Re: spark sql aggregate function "Nth"

2016-07-26 Thread Alex Nastetsky
Ah, that gives me an idea.

val window = Window.partitionBy()
val getRand = udf((cnt:Int) =>  )

df
.withColumn("cnt", count().over(window))
.withColumn("rnd", getRand($"cnt"))
.where($"rnd" === $"cnt")

Not sure how performant this would be, but writing a UDF is much simpler
than a UDAF.

On Tue, Jul 26, 2016 at 11:48 AM, ayan guha  wrote:

> You can use rank with window function.

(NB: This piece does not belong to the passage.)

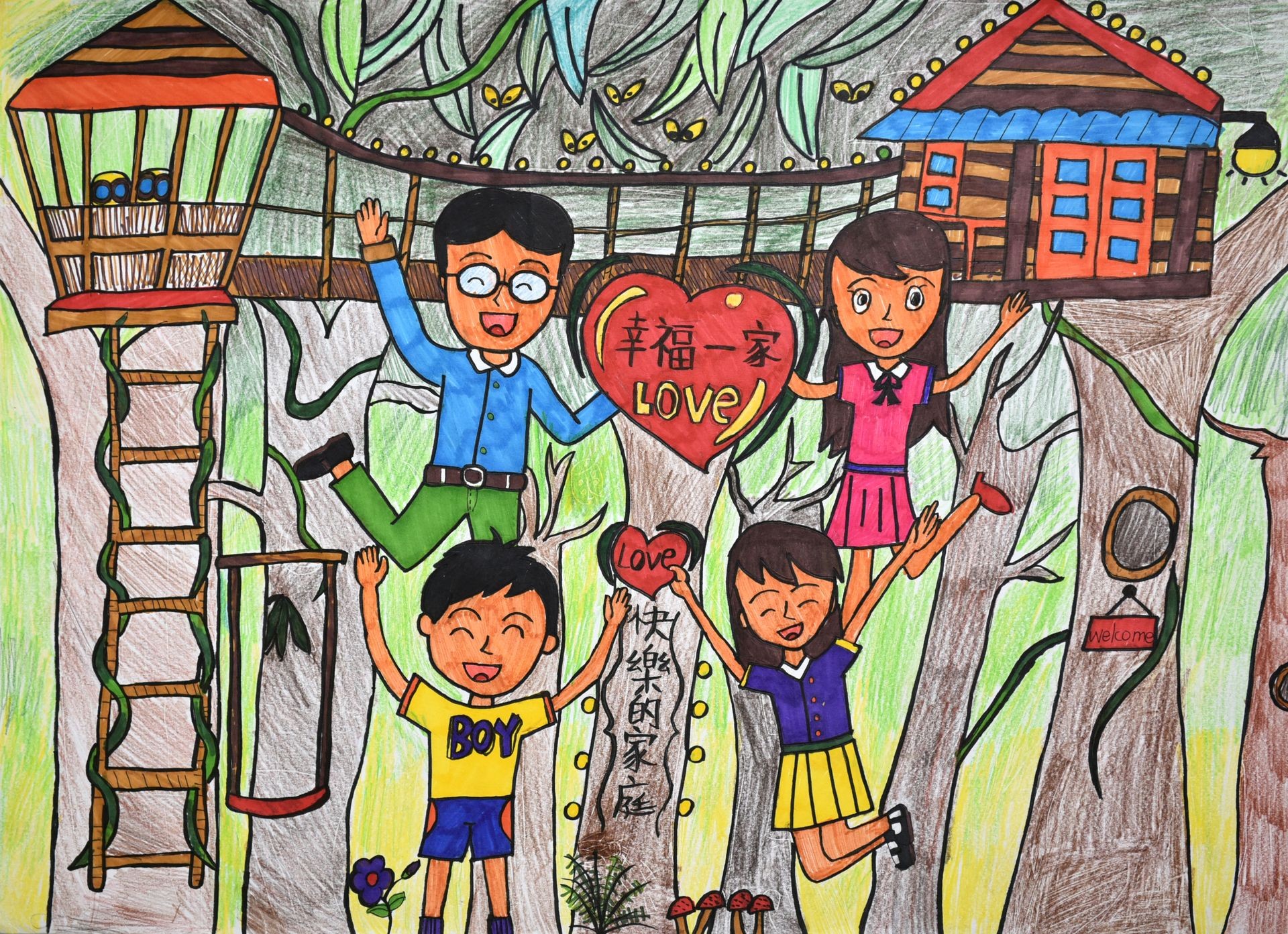 我夢想全家能在神秘的叢林裡蓋樹屋,並一起觀察動物及昆蟲,天天能享受快樂幸福的生活。

Rank=1 is same as calling first().
>
> Not sure how you would randomly pick records though, if there is no Nth
> record. In your example, what happens if data is of only 2 rows?
> On 27 Jul 2016 00:57, "Alex Nastetsky" 
> wrote:
>
>> Spark SQL has a "first" function that returns the first item in a group.
>> Is there a similar function, perhaps in a third party lib, that allows you
>> to return an arbitrary (e.g. 3rd) item from the group? Was thinking of
>> writing a UDAF for it, but didn't want to reinvent the wheel. My endgoal is
>> to be able to select a random item from the group, using random number
>> generator.
>>
>> Thanks.
>>
>


Re: spark sql aggregate function "Nth"

2016-07-26 Thread ayan guha
You can use rank with window function. Rank=1 is same as calling first().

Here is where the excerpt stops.